Last month, the Georgetown, Texas, city council signed contracts that will provide power to homes and businesses 100 percent through solar and wind energy beginning in 2017. As the city’s mayor noted, Georgetown had not been hijacked by “environmental zealots”; the switch to renewable energy was “chiefly a business decision based on cost and price stability.”
Closer to home, the Tennessee Valley Authority is in the midst of its 2015 Integrated Resource Planning, which determines the long-term mix of resources needed for generating electricity. When finished, TVA will have held seven public meetings to debate plans for meeting growing demand — plans that include energy efficiency and more renewables, especially solar.
Together, there are important lessons for Alabama to take away from the Georgetown and TVA examples — in particular, how to fix the Alabama Public Service Commission’s failure to look out for the best interests of families and businesses.
As the Institute for Energy Economics and Financial Analysis detailed in a report released last month for our organizations, the PSC’s decision-making leaves utility customers on the hook for billions of dollars in expenditures without public review. In December, commissioners rubber-stamped a 5 percent rate hike for Alabama Power to recover $256 million in expenditures. The increase will add $80 to average electricity bills annually.
In fact, PSC decisions since 2005 have burdened Alabama Power customers with more than $3 billion in power plant upgrades — and some of the highest bills in the country — all without any evidence that they were the most cost-effective and least economically risky alternatives.
IN MOST OTHER STATES, DECISIONS WITH THAT KIND OF IMPACT ARE OPEN TO VIGOROUS DEBATE and thorough public review. Stakeholders, including consumer rights groups, can challenge the prudence of big-ticket expenditures — like the billions Alabama Power has sunk into pollution controls for outdated, decades-old coal plants.
Was it prudent to make customers pay for that?
We’ll never know because no part of the PSC’s deliberations was public. The entire process took place in a single “public” window-dressing meeting that was over in less than a day and whose outcome was predetermined in secret. Leading up to the rate hike, Alabama Power didn’t have to publicly justify its expenditures, and the commissioners asked few questions about the wisdom of making customers foot the bill when there are less costly alternatives.
The Georgetown and TVA examples show clearly that viable, affordable alternatives exist and that involving the public in-depth is a win-win for everyone.

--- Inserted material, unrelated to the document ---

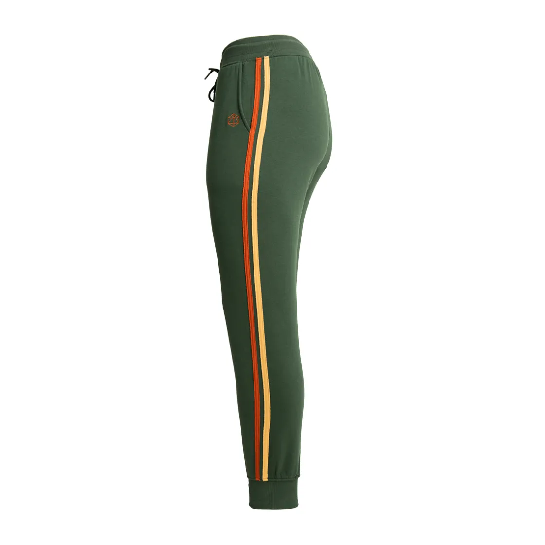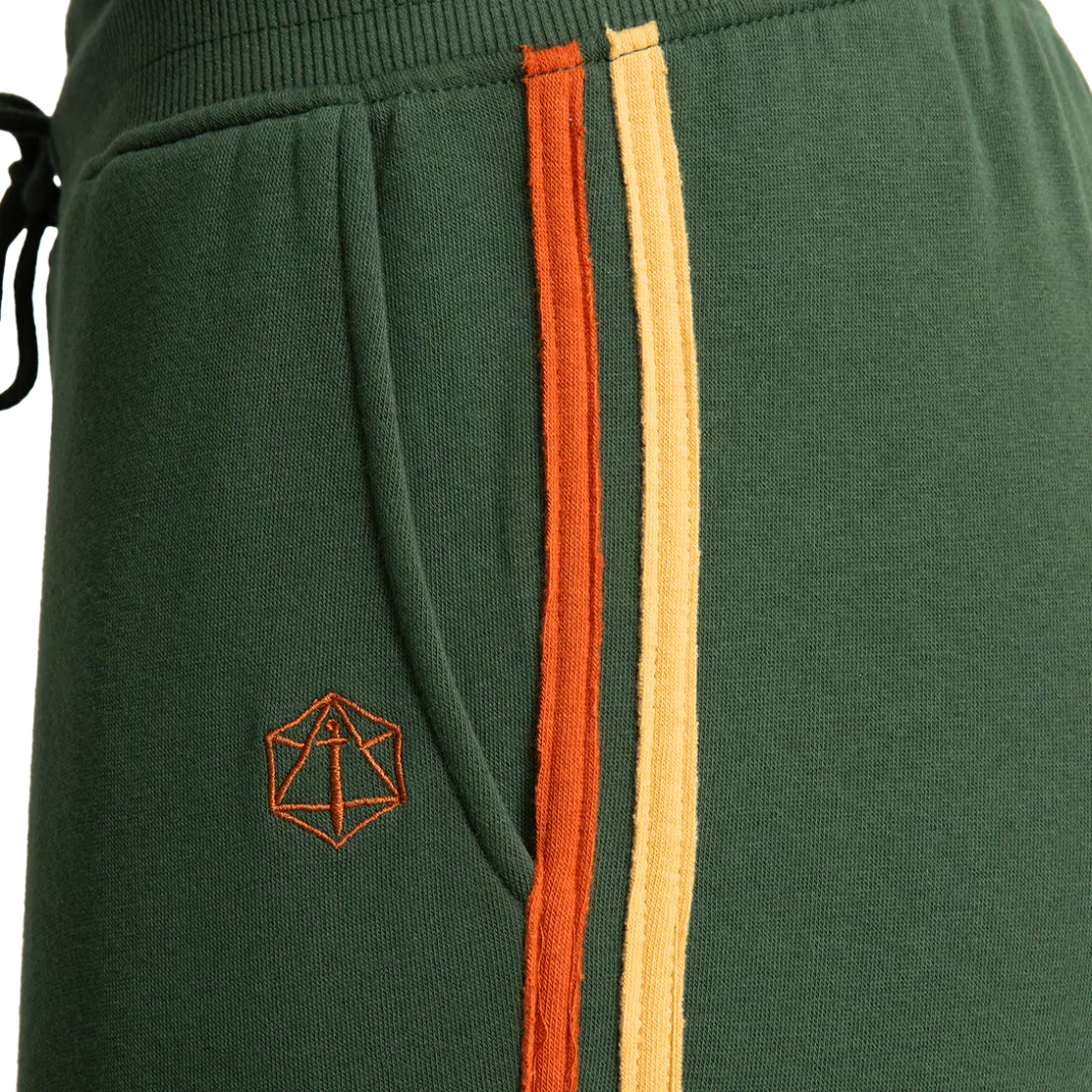 For the Critter heading to a con, out running errands, or lounging at home – the Critical Role Green Retro Jogger will have you doing it all in style and comfort. These super cozy pants are forest green and feature orange and yellow raw edged stitched stripes on the outer side of each leg. With a casually versatile look, the jogger offers a secure fit with the easy-to-tie front drawstrings, plenty of room in the the slash side pockets for your keys or trinkets, and pair quite nicely with the Critical Role Green Retro Hoodie (or your favorite sweaters, t-shirts, and tanks).

WHEN THE PUBLIC IS SHUT OUT AND UTILITIES COMMISSIONS FAIL TO RECOGNIZE CHANGING ENERGY MARKETS, it comes with big costs. Just ask customers of Alabama Power’s sister company in Mississippi, who have absorbed substantial rate increases to pay for a coal plant whose $6.2 billion price tag is more than double original estimates — and who would be on the hook for more if not for a court ruling saying the Mississippi PSC violated the public trust by approving a $200 million rate hike in secret.
Generating electricity is an expensive endeavor, whether building a solar plant or wind farm, or retrofits for coal plants. These are important business decisions, and the place to weigh their pros and cons is through formal review of the Integrated Resource Plan.
SACE, SELC and GASP have strong opinions on this. We believe there is overwhelming evidence that investing in energy sources like solar and wind and in energy efficiency is a more prudent and less costly strategy than sinking money into keeping aging coal plants running.
And in places where utilities commissions take seriously their mission to balance the interests of customers and utilities, many are capitalizing on the economic, health and environmental virtues of clean energy.
Others have different opinions, which we respect. The real point is that we need a public forum in which to have this debate, where all the data can be weighed and the end goal is sound decision-making that will benefit both Alabama families and businesses.
The PSC won’t allow that. By making decisions in secret and thwarting a healthy public dialogue, they keep us all in the dark. Both literally and figuratively, sunlight is the best disinfectant for such problems.
Keith Johnston is the managing attorney for the Southern Environmental Law Center’s Birmingham office. Amelia Shenstone is the organizing manager and Alabama liaison for Southern Alliance for Clean Energy. Haley Colson Lewis is the programs manager for GASP in Birmingham.
This commentary appeared originally in the Montgomery (Ala.) Advertiser.